◆ **Task brief**
From the material below, retype exactly the lines that begin at the line with "Refined and timeless, this" and end after the line with "- [Multi-layer Protection]"; pictures stay out of the copy.

◆ **Record set**
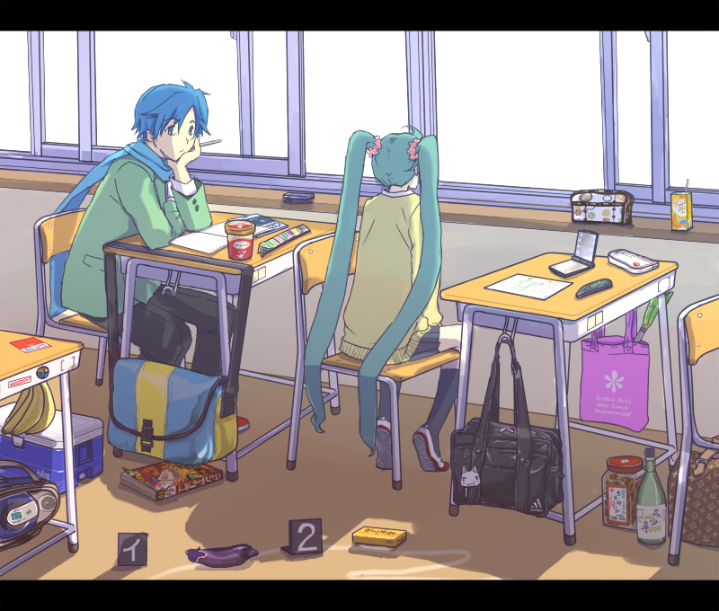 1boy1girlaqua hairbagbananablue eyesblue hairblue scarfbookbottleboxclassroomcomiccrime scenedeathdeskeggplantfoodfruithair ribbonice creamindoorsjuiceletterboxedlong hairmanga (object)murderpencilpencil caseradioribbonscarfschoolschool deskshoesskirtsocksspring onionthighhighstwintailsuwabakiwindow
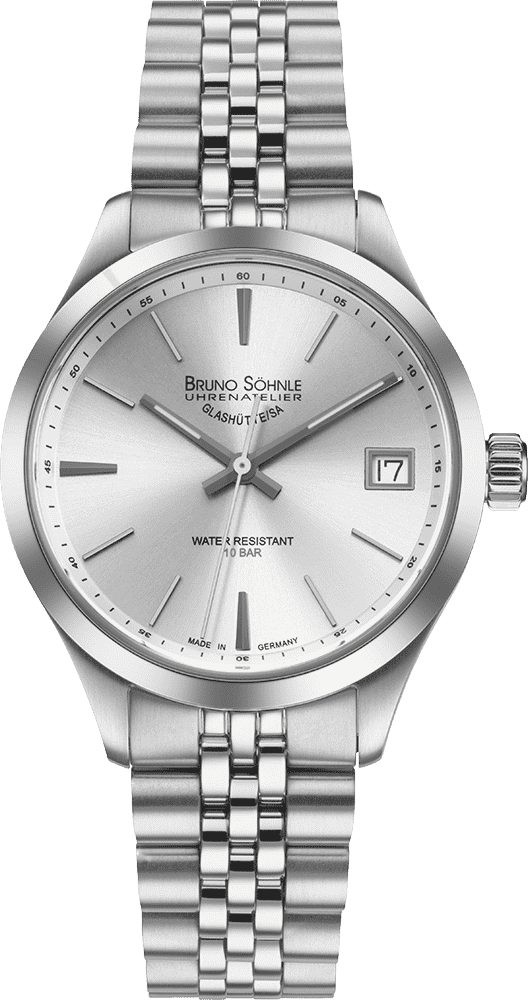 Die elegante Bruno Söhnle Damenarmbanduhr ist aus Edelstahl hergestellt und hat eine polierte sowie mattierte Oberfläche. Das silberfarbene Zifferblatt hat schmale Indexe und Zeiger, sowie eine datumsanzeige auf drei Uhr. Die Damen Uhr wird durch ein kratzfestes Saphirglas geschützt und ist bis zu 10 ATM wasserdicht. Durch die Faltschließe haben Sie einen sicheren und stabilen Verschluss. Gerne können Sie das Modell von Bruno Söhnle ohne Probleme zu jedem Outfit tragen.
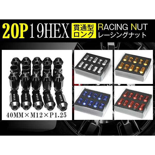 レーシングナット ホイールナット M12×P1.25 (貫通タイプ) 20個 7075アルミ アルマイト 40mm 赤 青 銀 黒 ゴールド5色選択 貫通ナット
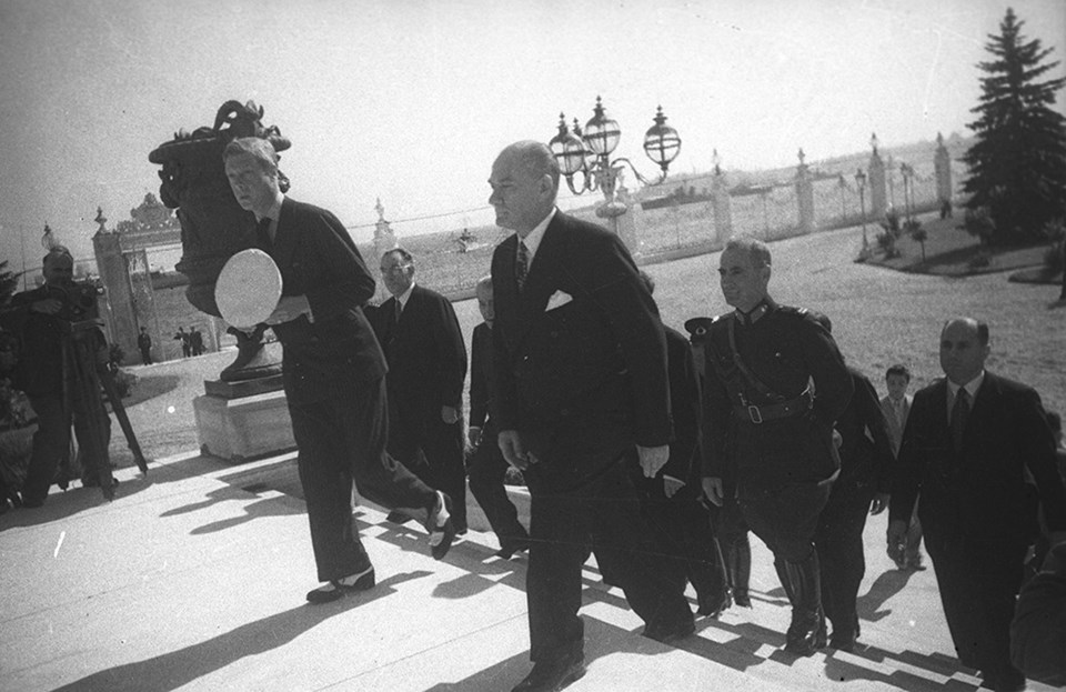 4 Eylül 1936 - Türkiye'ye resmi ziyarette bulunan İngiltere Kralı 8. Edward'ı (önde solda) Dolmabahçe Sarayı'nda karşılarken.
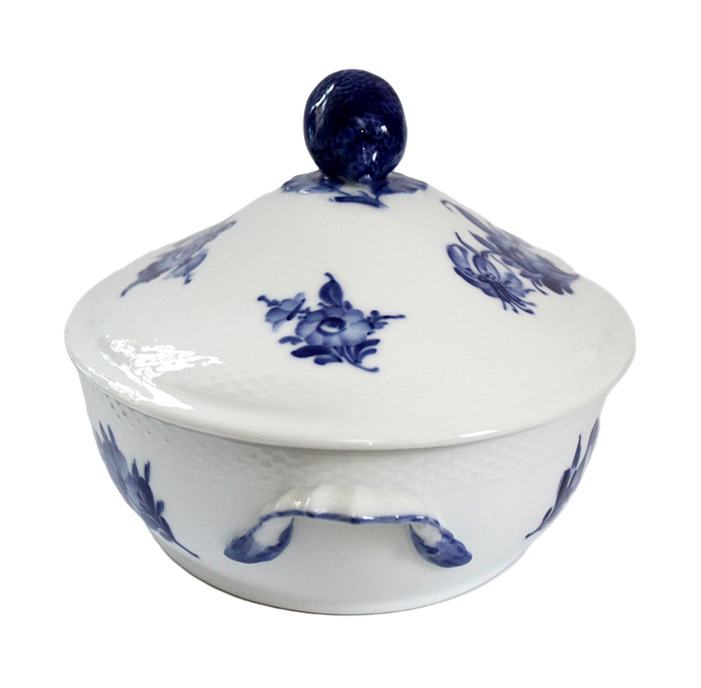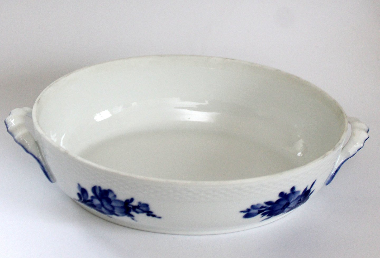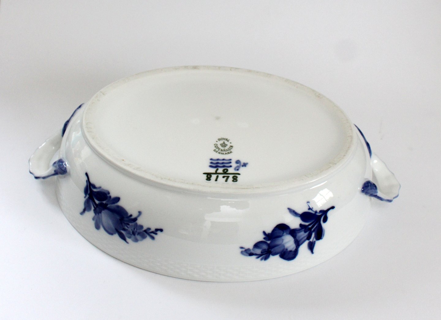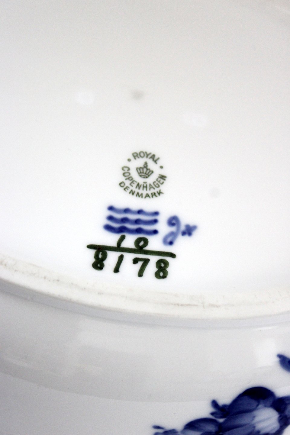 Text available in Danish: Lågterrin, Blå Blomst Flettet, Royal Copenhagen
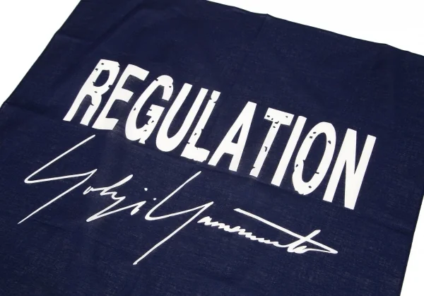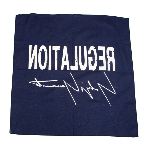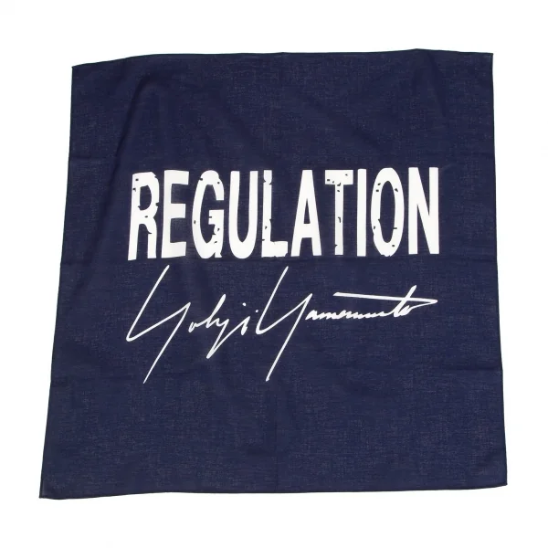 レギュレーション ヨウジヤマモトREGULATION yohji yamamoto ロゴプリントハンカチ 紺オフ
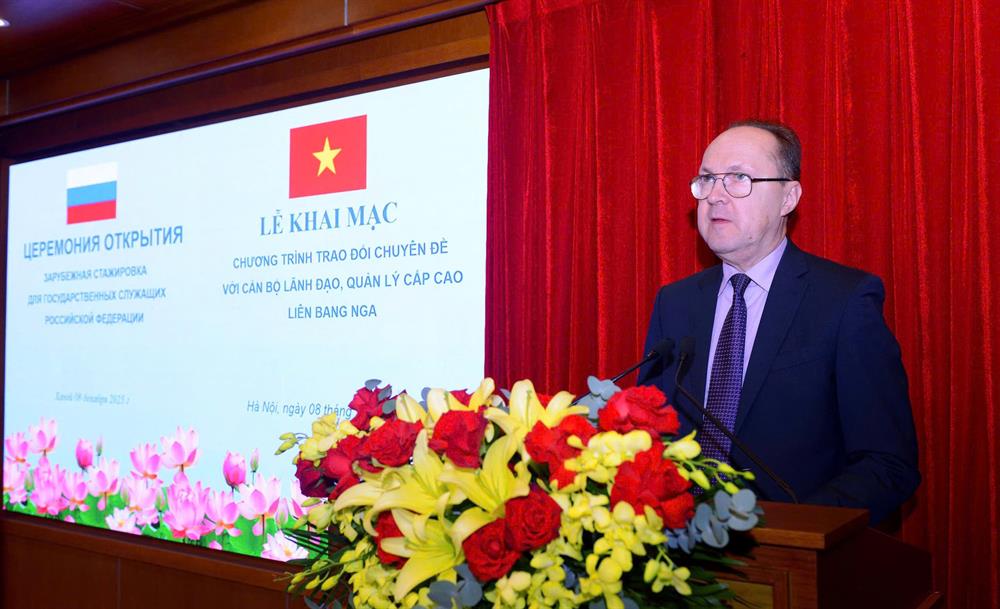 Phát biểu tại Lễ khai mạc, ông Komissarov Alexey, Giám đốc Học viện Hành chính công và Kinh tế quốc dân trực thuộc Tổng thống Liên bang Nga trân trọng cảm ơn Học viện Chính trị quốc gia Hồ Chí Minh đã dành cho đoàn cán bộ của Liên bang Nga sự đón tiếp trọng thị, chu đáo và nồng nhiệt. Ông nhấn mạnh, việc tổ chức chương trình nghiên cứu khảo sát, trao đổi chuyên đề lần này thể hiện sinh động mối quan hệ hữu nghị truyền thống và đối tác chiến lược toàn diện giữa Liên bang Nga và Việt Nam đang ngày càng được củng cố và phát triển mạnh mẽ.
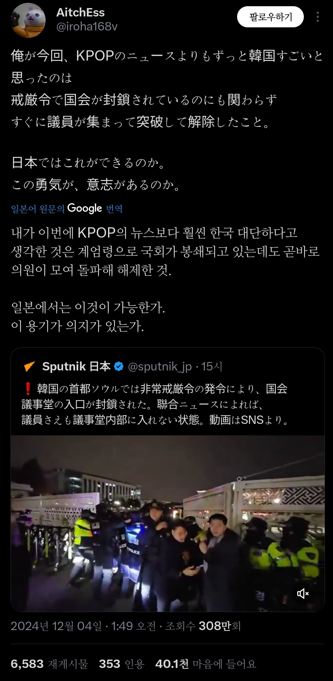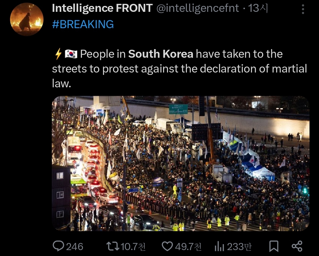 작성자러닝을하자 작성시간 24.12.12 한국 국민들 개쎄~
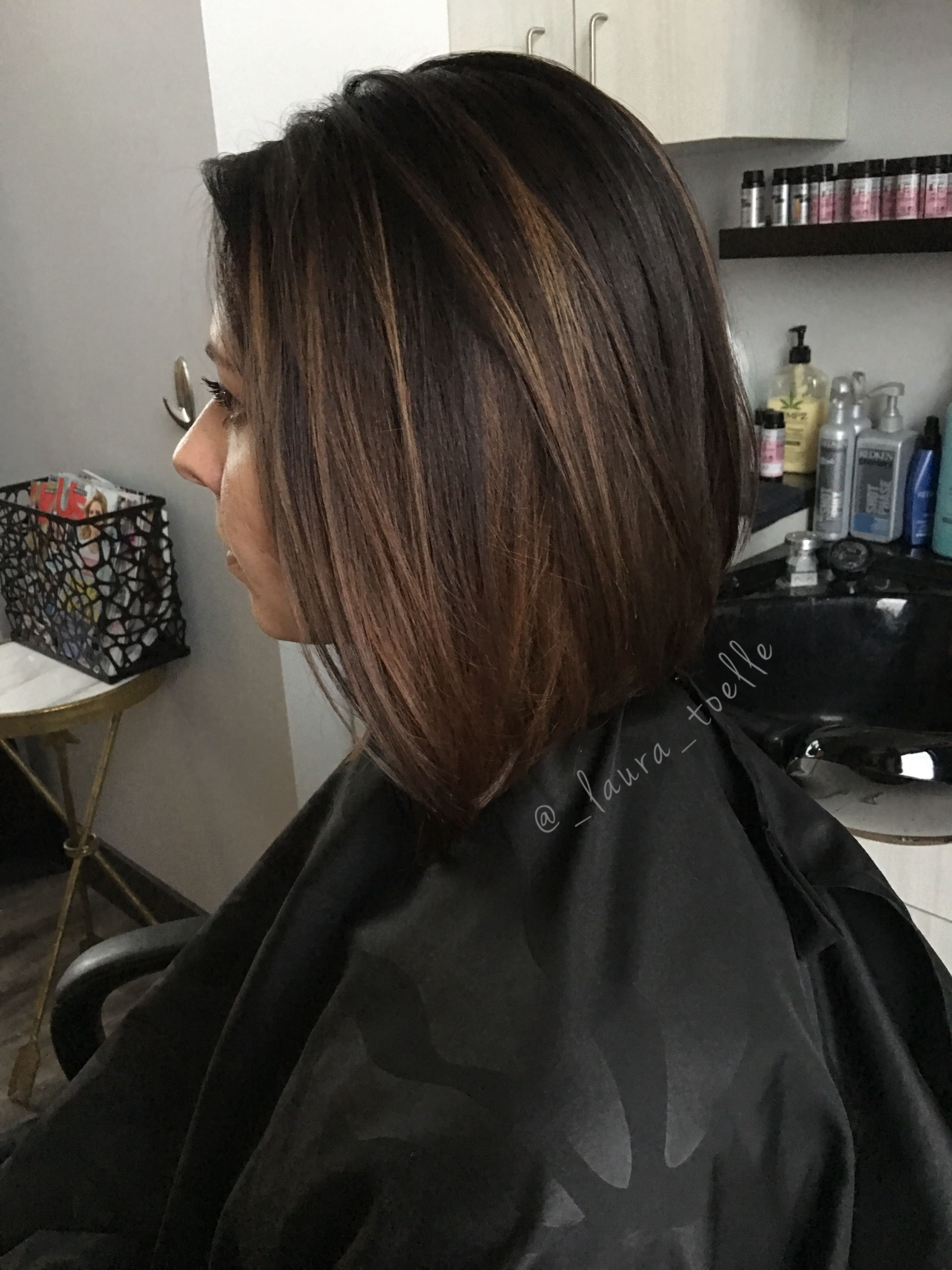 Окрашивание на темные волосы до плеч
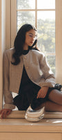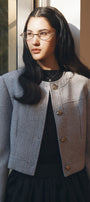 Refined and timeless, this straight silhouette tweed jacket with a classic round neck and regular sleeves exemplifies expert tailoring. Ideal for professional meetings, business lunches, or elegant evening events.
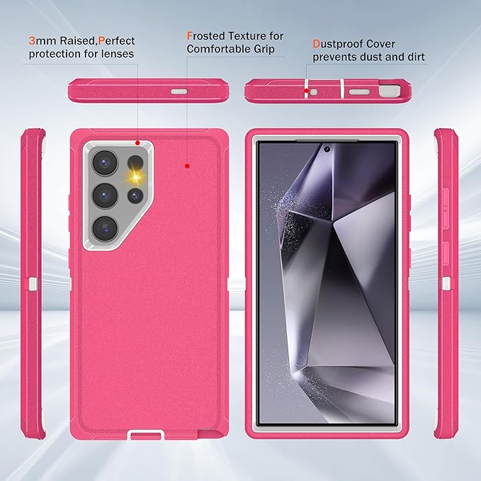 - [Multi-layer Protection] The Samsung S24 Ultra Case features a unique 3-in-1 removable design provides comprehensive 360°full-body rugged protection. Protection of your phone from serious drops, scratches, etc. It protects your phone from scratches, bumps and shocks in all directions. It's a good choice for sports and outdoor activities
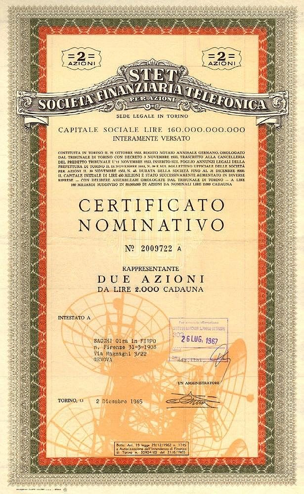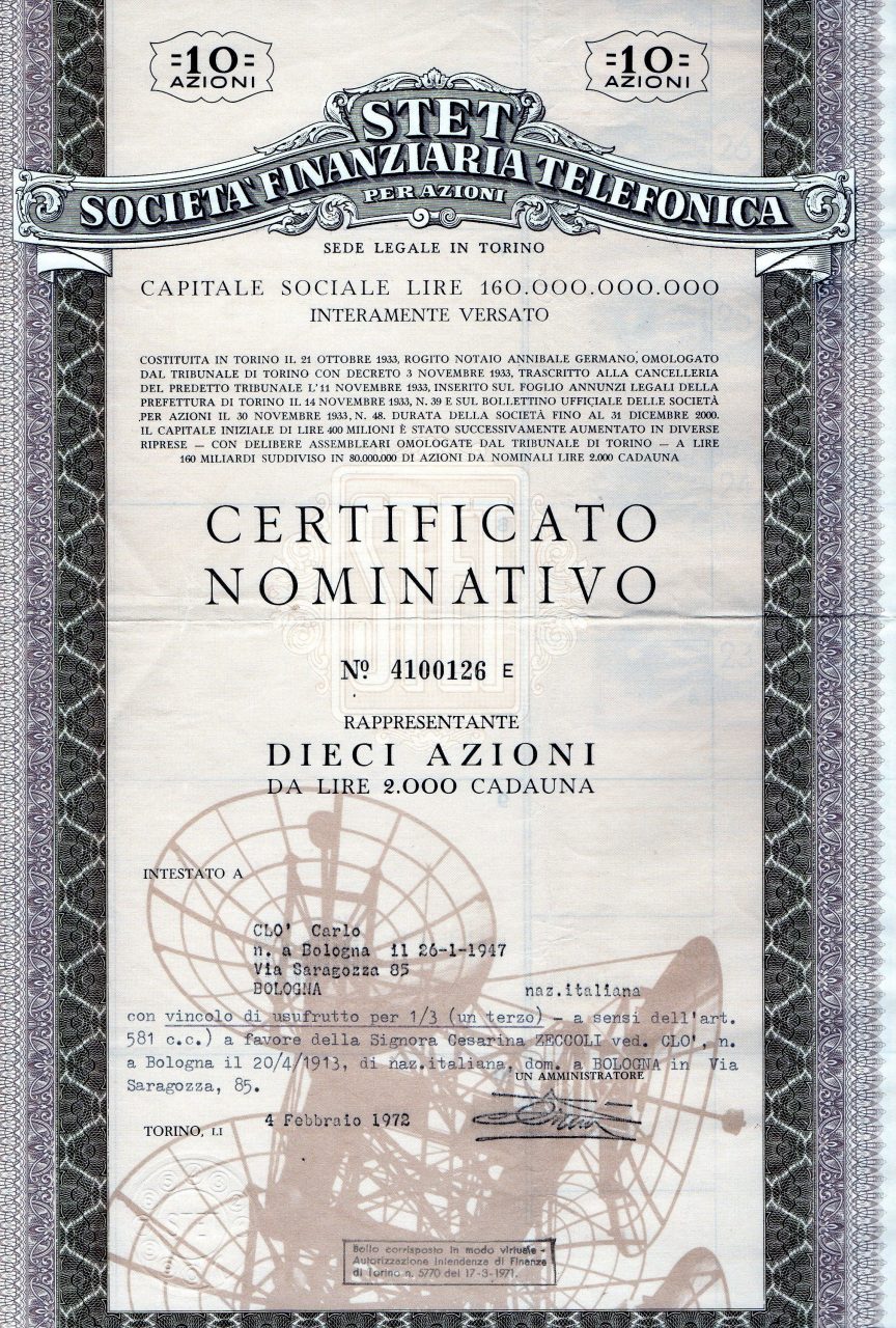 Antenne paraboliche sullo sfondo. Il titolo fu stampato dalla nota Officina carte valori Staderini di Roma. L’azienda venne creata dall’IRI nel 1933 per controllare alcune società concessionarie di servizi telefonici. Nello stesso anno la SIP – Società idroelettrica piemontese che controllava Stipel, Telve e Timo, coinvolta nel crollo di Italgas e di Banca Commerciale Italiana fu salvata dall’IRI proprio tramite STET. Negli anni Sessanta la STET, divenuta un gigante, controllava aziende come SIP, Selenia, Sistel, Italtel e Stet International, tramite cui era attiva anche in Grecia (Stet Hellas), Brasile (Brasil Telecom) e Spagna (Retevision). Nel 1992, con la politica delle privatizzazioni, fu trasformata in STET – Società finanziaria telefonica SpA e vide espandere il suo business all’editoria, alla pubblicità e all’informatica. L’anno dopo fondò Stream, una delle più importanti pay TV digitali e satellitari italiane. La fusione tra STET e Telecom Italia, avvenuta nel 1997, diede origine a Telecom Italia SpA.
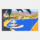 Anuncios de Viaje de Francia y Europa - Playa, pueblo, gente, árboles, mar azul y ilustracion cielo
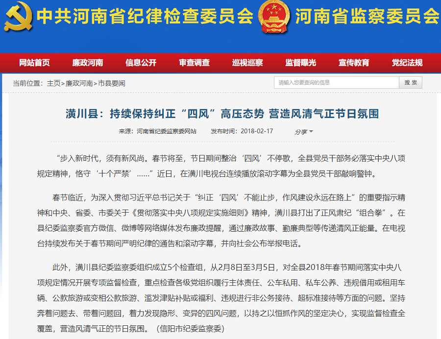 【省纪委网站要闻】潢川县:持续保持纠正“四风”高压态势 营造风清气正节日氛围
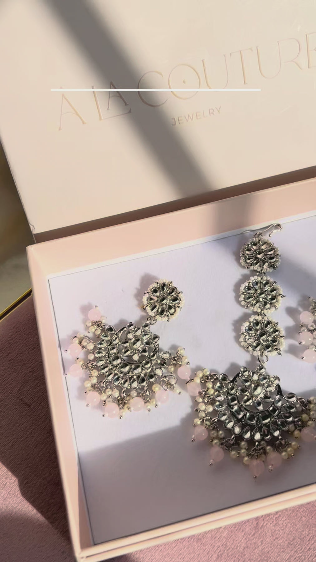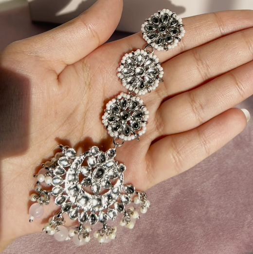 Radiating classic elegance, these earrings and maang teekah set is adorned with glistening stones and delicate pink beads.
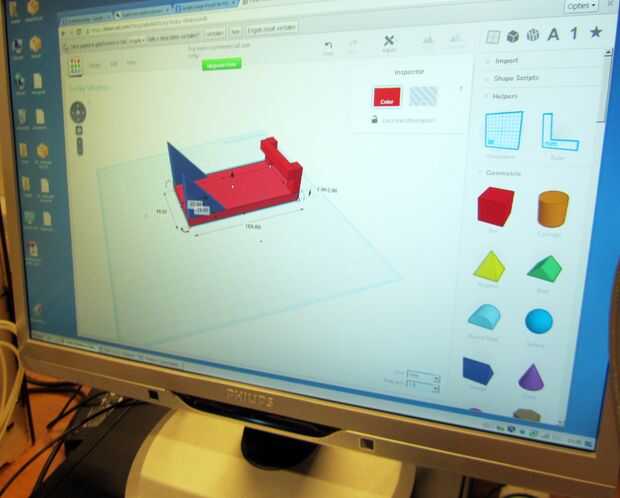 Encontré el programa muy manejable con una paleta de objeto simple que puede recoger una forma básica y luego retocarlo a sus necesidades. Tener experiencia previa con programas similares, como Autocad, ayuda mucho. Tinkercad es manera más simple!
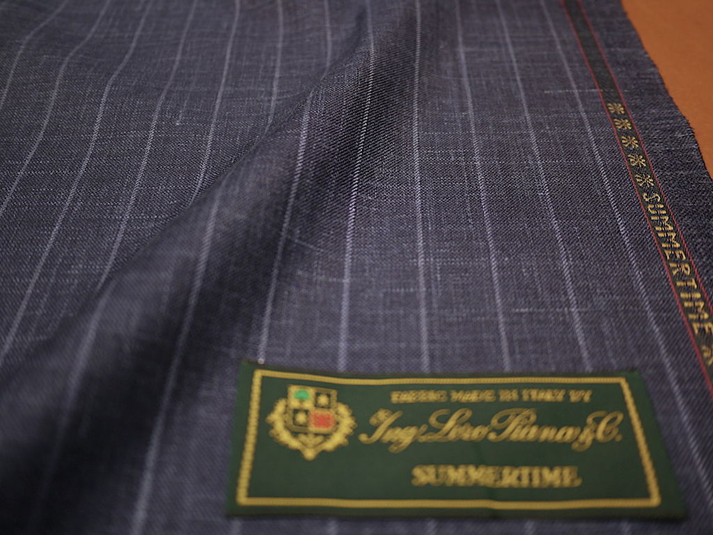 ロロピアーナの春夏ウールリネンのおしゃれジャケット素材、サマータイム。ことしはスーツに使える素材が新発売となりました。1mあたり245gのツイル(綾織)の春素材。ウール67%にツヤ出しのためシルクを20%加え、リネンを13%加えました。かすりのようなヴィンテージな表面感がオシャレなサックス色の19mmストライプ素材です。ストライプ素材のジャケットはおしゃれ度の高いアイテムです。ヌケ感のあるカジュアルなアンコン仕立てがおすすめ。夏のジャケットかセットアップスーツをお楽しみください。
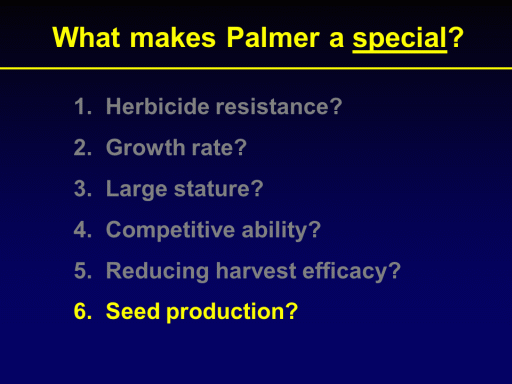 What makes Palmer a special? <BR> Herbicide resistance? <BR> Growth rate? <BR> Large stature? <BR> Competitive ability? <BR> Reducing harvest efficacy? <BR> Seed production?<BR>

◆ **Final answer**
 Refined and timeless, this straight silhouette tweed jacket with a classic round neck and regular sleeves exemplifies expert tailoring. Ideal for professional meetings, business lunches, or elegant evening events.
 - [Multi-layer Protection] The Samsung S24 Ultra Case features a unique 3-in-1 removable design provides comprehensive 360°full-body rugged protection. Protection of your phone from serious drops, scratches, etc. It protects your phone from scratches, bumps and shocks in all directions. It's a good choice for sports and outdoor activities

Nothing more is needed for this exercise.